Monday, July 8, 2013

July 5-7, 2013 Second Chances…


“Love is patient, love is kind. It does not envy, it does not boast, it is not proud. It is not rude, it is not self-seeking, it is not easily angered, it keeps no record of wrongs. Love does not delight in evil but rejoices with the truth. It always protects, always trusts, always hopes, always perseveres. Love never fails.” I Corinthians 13:4-8

     One year ago today on July 7, 2012, God blessed me with a second chance to make my little girl dreams come true.  I was married pretty young for my generation. At 22, I really didn’t know much about what it took to be in love long term. I didn’t even know what I really wanted from life.

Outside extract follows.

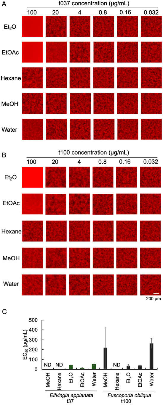 Fluorescence images and EC50 values of the inhibitory effect of extracts of 2 mushrooms with different solvents on Aβ aggregation. (A) Analysis of the inhibitory activity of t037 at different concentrations on Aβ aggregation in five extraction solvents. (B) Analysis of the inhibitory activity of t100 at different concentrations on Aβ aggregation in five extraction solvents. The fluorescence images were cropped to 432 × 432 pixels. (C) Measurement of EC50 values of t037 and t100 in five extraction solvents. Samples with SD values not less than 50% were considered as unable to calculate EC50 values and expressed as not determined (ND). Data are represented as the mean ± SD (n = 3).

I had not yet grown into the woman God intended for me to be before I decided to link who I was to another person whom I didn’t really know all that well.  It turned out to be a difficult learning experience for me and for my children, another refinement by fire that God allowed, but not without it’s own share of silver linings, such as the two beautiful children he created through that marriage.  It’s definitely not the way I would have chosen to build a family in an ideal world, and it certainly wasn’t the path I dreamed my life would take when I was a young girl, but we don’t live in a perfect world, and I wouldn’t be who I am today without those difficult experiences and neither would my boys.  I don’t wish divorce on anyone. It’s by far, in my opinion, one of the most devastating things that can happen to any relationship or family in today’s world.  Unfortunately, it happens way too often, but one of the most amazing things God does through divorce, death, near-misses, and so many other tragic events that happen to us as we travel through life, is offer us second chances.
     I grew up in the church. I read and heard numerous sermons over the years focused on the famous 1 Corinthians 12 passage about love from the Bible, but I never lived them or knew anyone on this earth who could show me how to live them until I met the man I married just one year ago today.  We’ve known each other for about 6 years now, and he is still patient with me. He is kind, never have I seen him envious nor boastful or proud. Rude is not something he would know how to be and serving himself is the last thing on his mind. He may occasionally be easily angered by an unlucky day and/or at himself, but never at me. Wrongs, we do not go back and rehash anything we have said or done to hurt each other when upset.  We start fresh every day.  Truth….(that is something which was missing from my last marriage, and so it’s something more important than ever to me now)…I know no one more truthful or genuine than him. Protected I always feel when he is with me. Hope, perseverance, isn’t that what love is all about after all?  Hope that we will always be together and love each other just as much as we do now. Perseverance to ensure that’s exactly what happens. Love never fails…it’s not easy….the passage never says it’s easy, but what it does say to me is that it never gives up either. It perseveres; it makes the choice to wake up each day and continue loving in this unconditional, unselfish way. 
     My husband and I are not perfect people, and I’m not saying we never get annoyed or exchange upset or unkind words when we’re tired or frustrated with a situation, but loving each other through all that just comes easy. I think that’s how you tell it’s right…when the attributes of love described in the passage above just come naturally with that person, even when you’ve recently been upset or when you don’t think exactly the same way about an issue. You love each other through it because you have mutual respect for who that person is overall and to you.  It wasn’t anywhere near easy for me the first time. I thought what I had found was love, but I didn’t understand anything about love then. I was in it for selfish reasons that make no sense to me now that I am a stronger, wiser woman, and I can’t thank God enough for giving me a second chance to make it right this time and find the kind of love He intended for us to experience in life. I don’t deserve the kind of love my darling husband provides me with on a daily basis, but that’s the beauty of God. He led me to my husband and gave him to me to love and experience his love anyway. It is in that same way that God loves all of us, despite all our flaws and daily mistakes. God loves us through it and gives us as many chances as we need to get it right.